[Opening DATASET EXCERPT section]

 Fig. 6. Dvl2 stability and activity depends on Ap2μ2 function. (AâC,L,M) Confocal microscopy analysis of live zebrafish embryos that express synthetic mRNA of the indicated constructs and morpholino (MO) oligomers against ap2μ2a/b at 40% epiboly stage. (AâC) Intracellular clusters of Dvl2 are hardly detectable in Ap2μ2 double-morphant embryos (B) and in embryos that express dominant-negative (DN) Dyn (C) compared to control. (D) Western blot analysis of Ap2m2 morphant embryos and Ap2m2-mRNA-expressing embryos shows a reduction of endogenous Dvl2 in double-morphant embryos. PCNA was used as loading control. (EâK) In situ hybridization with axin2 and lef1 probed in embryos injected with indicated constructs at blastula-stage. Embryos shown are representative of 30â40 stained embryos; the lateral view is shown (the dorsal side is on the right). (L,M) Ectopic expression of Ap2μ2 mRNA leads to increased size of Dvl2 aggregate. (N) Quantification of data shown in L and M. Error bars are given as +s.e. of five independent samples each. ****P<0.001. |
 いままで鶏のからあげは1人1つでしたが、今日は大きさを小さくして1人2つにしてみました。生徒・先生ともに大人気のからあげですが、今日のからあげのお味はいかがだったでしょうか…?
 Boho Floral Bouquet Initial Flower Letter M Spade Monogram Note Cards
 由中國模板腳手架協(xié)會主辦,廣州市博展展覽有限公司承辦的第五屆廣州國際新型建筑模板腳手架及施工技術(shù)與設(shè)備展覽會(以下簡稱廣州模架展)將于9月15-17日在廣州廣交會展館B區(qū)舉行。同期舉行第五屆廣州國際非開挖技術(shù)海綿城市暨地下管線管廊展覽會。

[Closing DATASET EXCERPT section]

# TASK GOAL
Return all of the listing above exactly, leaving nothing out.

# COMPLETED TASK
 Fig. 6. Dvl2 stability and activity depends on Ap2μ2 function. (AâC,L,M) Confocal microscopy analysis of live zebrafish embryos that express synthetic mRNA of the indicated constructs and morpholino (MO) oligomers against ap2μ2a/b at 40% epiboly stage. (AâC) Intracellular clusters of Dvl2 are hardly detectable in Ap2μ2 double-morphant embryos (B) and in embryos that express dominant-negative (DN) Dyn (C) compared to control. (D) Western blot analysis of Ap2m2 morphant embryos and Ap2m2-mRNA-expressing embryos shows a reduction of endogenous Dvl2 in double-morphant embryos. PCNA was used as loading control. (EâK) In situ hybridization with axin2 and lef1 probed in embryos injected with indicated constructs at blastula-stage. Embryos shown are representative of 30â40 stained embryos; the lateral view is shown (the dorsal side is on the right). (L,M) Ectopic expression of Ap2μ2 mRNA leads to increased size of Dvl2 aggregate. (N) Quantification of data shown in L and M. Error bars are given as +s.e. of five independent samples each. ****P<0.001. |
 いままで鶏のからあげは1人1つでしたが、今日は大きさを小さくして1人2つにしてみました。生徒・先生ともに大人気のからあげですが、今日のからあげのお味はいかがだったでしょうか…?
 Boho Floral Bouquet Initial Flower Letter M Spade Monogram Note Cards
 由中國模板腳手架協(xié)會主辦,廣州市博展展覽有限公司承辦的第五屆廣州國際新型建筑模板腳手架及施工技術(shù)與設(shè)備展覽會(以下簡稱廣州模架展)將于9月15-17日在廣州廣交會展館B區(qū)舉行。同期舉行第五屆廣州國際非開挖技術(shù)海綿城市暨地下管線管廊展覽會。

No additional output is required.